Naturally, all eyes will look to North York to see if the good people at the Ontario Teachers Pension Plan Board (“Teachers”) will invoke something similar once the initial feedback comes back from their lenders regarding the saleability of some of the BCE bonds currently being offered to the worlds’ incredibly stretched commercial banks. CI Funds, for example, owns BCE in several of its mutual funds. You can imagine the same theme coming from portfolio manager Eric Bushell, for example, as 3% of his $3.5 billion CI Signature Select Canadian Fund is invested in BCE shares.
OMERS has provided Teachers cover, as they say, but will they walk down the same path? Don’t bet on it. Having predicted it once before (see prior post “The nervous silence breaks on BCE” May 19-08) and been wrong, I’m hestitant to do it again even if it makes so much sense.

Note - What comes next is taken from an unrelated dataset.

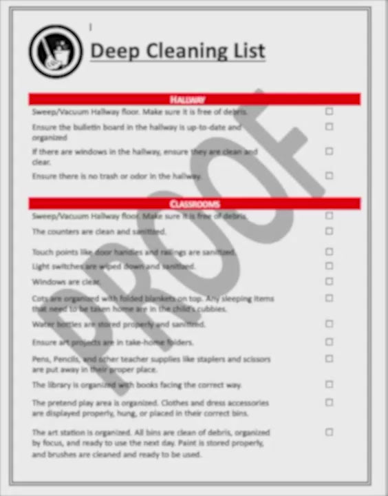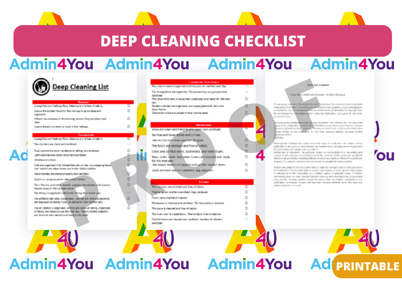 The deep cleaning checklist is a tool to use to keep the school organized, clean, and sanitized! This checklist will help your staff stay on task and the school sparkling!
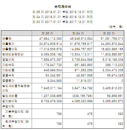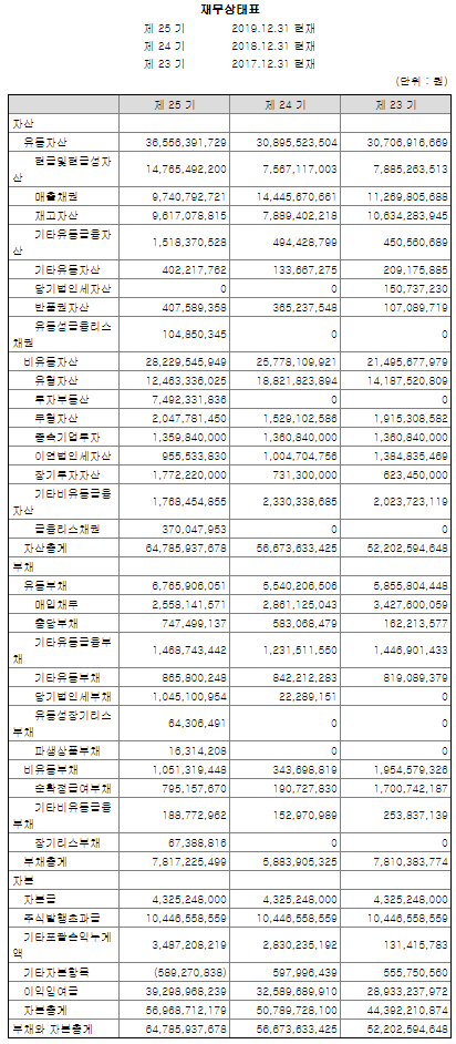 자산과 부채가 꾸준히 증가하고 있으며, 부채의 자산대비 비중이 낮은 상태입니다. 꾸준히 성장하는 회사인 것 같습니다.

For several quarters, the working theory has been that the formal lending agreement ties the BCE LBO lending quartet in knots, but it is all obstensibly tied to a $42.75/share offer for BCE. Try to change the ticket price of the LBO deal, so the story goes, and the banks get to walk as the contract is no longer valid.
It is more than a trifle odd, and utterly unfortunate, that to keep the largest LBO in history intact, Teachers may not be able to grind we BCE shareholders a penny. Even if we deserve it. Setting aside the the 34% drop in the TSX since the deal was consummated on June 30, 2007, they now have the benefit of cover from a sister pension fund in their own backyard.
How is it possibly in the interest of shareholders at CitiBank, Deutsche Bank, RBS and TD Bank to, in essence, force Teachers to overpay for BCE? Attention bankers! A lack of common sense is what got the world into this credit mess. But there’s still time to repent and be smart about BCE.
If the bankers are actually going to close on their “ironclad” committed lending facility, then let Teachers cut their price: Teranet’s 6.8% is a good place to start, but not nearly enough in this case. If you intend to bail on the deal, which is destined to close in 6 weeks, then pull the plug now.
To knowingly force Teachers to pay $42.75, just to keep you legally bound to the deal, increases the risk to your own shareholders, and ensures a larger mark-to-market haircut if you actually close. Let common sense prevail.